Using $\Gamma$ and $T$ one can calculate $\Lambda$:

$$\frac{1}{\Lambda^2} = \left(\frac{\varepsilon_r\mu_r}{\lambda_0}-\frac{1}{\lambda_c^2}\right) = -\left(\frac{1}{2\pi L}ln\left(\frac{1}{T}\right)\right)^2$$

The equation for $\Lambda$ is not well defined since the logarithm of $1/T$ has multiple solutions which are equal to $ln(1/|T|) + i(\Theta + 2\pi n)$ where $n$ is an integer value. In the NRW method one can estimate the value $n$ by using the group delay.

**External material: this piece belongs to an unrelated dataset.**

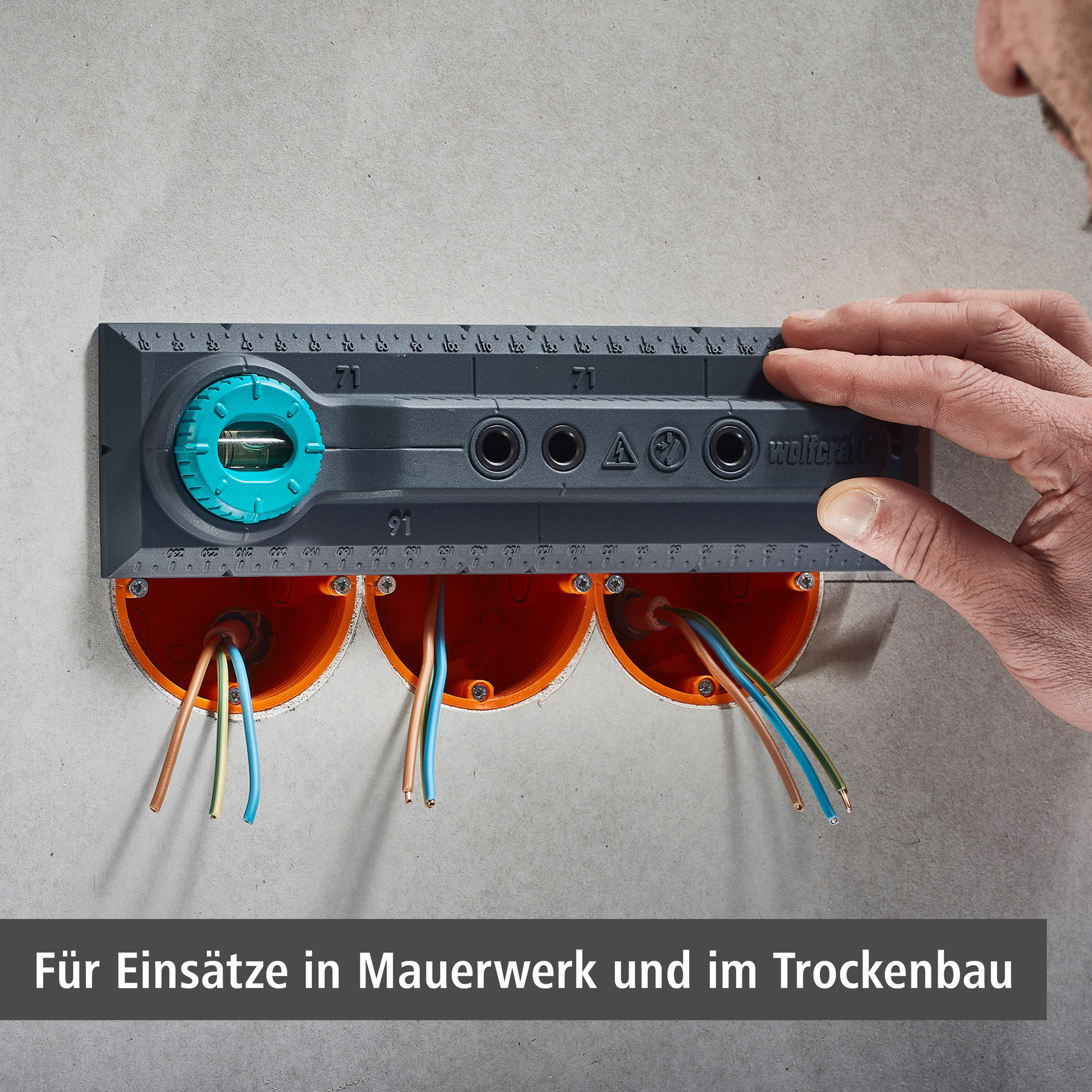 - 71- und 91-mm-Markierungen zum komfortablen Übertragen der korrekten Abstände zwischen zwei Installationsdosen sowie Steckdosen und TV- oder Netzwerkdosen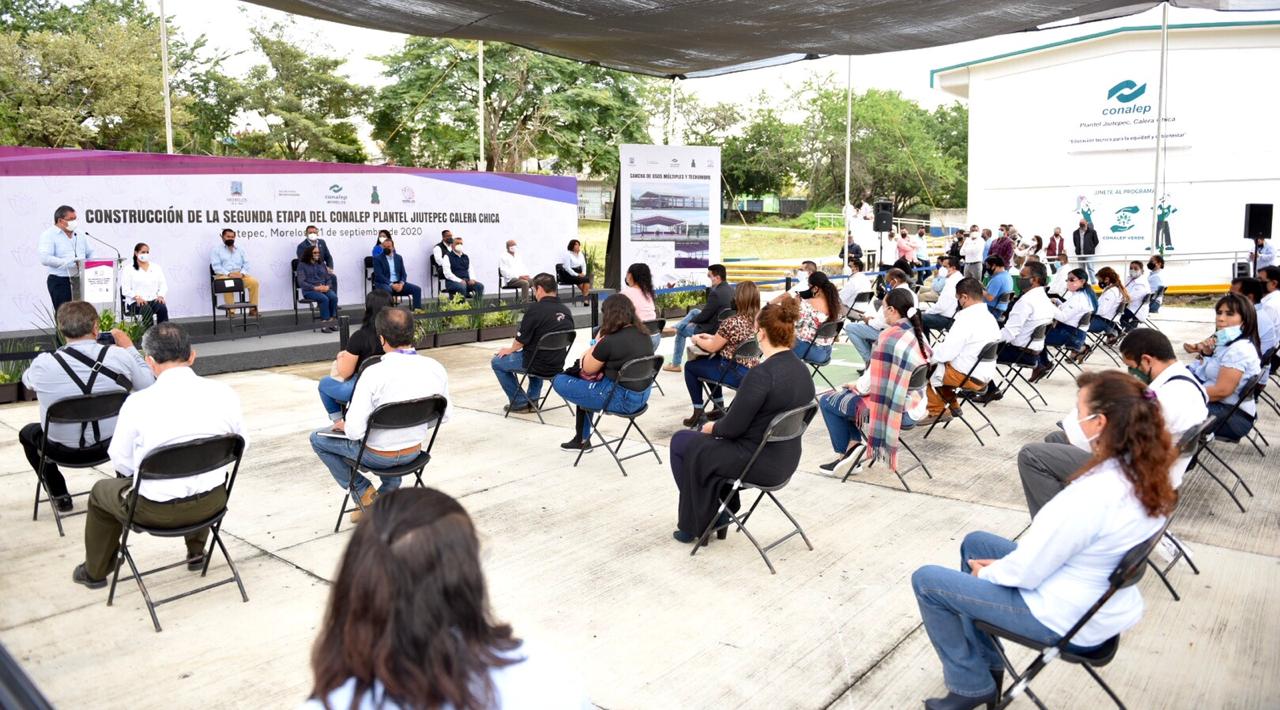 Este lunes el gobernador Cuauhtémoc Blanco Bravo, arrancó la segunda etapa de construcción del Conalep plante Jiutepec ubicado en la colonia Calera Chica, para que los alumnos cuenten con mejores instalaciones y puedan prepararse en un ambiente digno.

The idea is that the group delay is the derivative of the phase and therefore is independent of the $2\pi n$. One can compare the measured group delay and the calculated group delay and the best value for $n$ is found where:

$$\tau_{meas} - \tau_{calc} \approx 0$$

The group delay for both values is defined as:

$$\tau = \frac{d\phi}{\omega} = -\frac{1}{2\pi}\frac{d\phi}{df}$$ $$\tau_{meas} = -\frac{1}{2\pi}\frac{d\phi_{meas}}{df} = -\frac{1}{2\pi}\frac{d}{df}arg(T)$$ $$\tau_{calc} = -\frac{1}{2\pi}\frac{d\phi_{calc}}{df} = \frac{d}{df}\frac{L}{\Lambda} =$$ $$=L\frac{d}{df}\sqrt{\frac{\varepsilon_r\mu_r f^2}{c^2}-\frac{1}{\lambda_c^2}} = \frac{1}{c^2}\frac{f\varepsilon_r\mu_r+f^2\frac{1}{2}\frac{d(\varepsilon_r\mu_r)}{df}}{\sqrt{\frac{\varepsilon_r\mu_r f^2}{c^2}-\frac{1}{\lambda_c^2}}}L$$

With this the permittivity and permeability is defined:

$$\mu_r = \frac{1+\Gamma}{\Lambda(1-\Gamma)\sqrt{\frac{1}{\lambda_0^2}-\frac{1}{\lambda_c^2}}}$$ $$\varepsilon_r = \frac{\lambda_0^2}{\mu_r}\left(\frac{1}{\lambda_c^2} - \left[\frac{1}{2\pi L}\ln\left(\frac{1}{T}\right)\right]^2\right)$$

Literature

The analysis explained in literature.

• O. Luukkonen, S. I. Maslovski and S. A. Tretyakov, "A Stepwise Nicolson–Ross–Weir-Based Material Parameter Extraction Method," in IEEE Antennas and Wireless Propagation Letters, vol. 10, pp. 1295-1298, 2011, doi: 10.1109/LAWP.2011.2175897.
• A. M. Nicolson and G. F. Ross, "Measurement of the Intrinsic Properties of Materials by Time-Domain Techniques," in IEEE Transactions on Instrumentation and Measurement, vol. 19, no. 4, pp. 377-382, Nov. 1970, doi: 10.1109/TIM.1970.4313932.
• W. B. Weir, "Automatic measurement of complex dielectric constant and permeability at microwave frequencies," in Proceedings of the IEEE, vol. 62, no. 1, pp. 33-36, Jan. 1974, doi: 10.1109/PROC.1974.9382.
• Measurement of Dielectric Material Properties Application Note R&S.

Instabilities

Some instabilities were observed when:

• The cutoff frequency is near the lowest measurement frequency
• Long sample lengths or high permittivity/permeability values (short wavelengths media)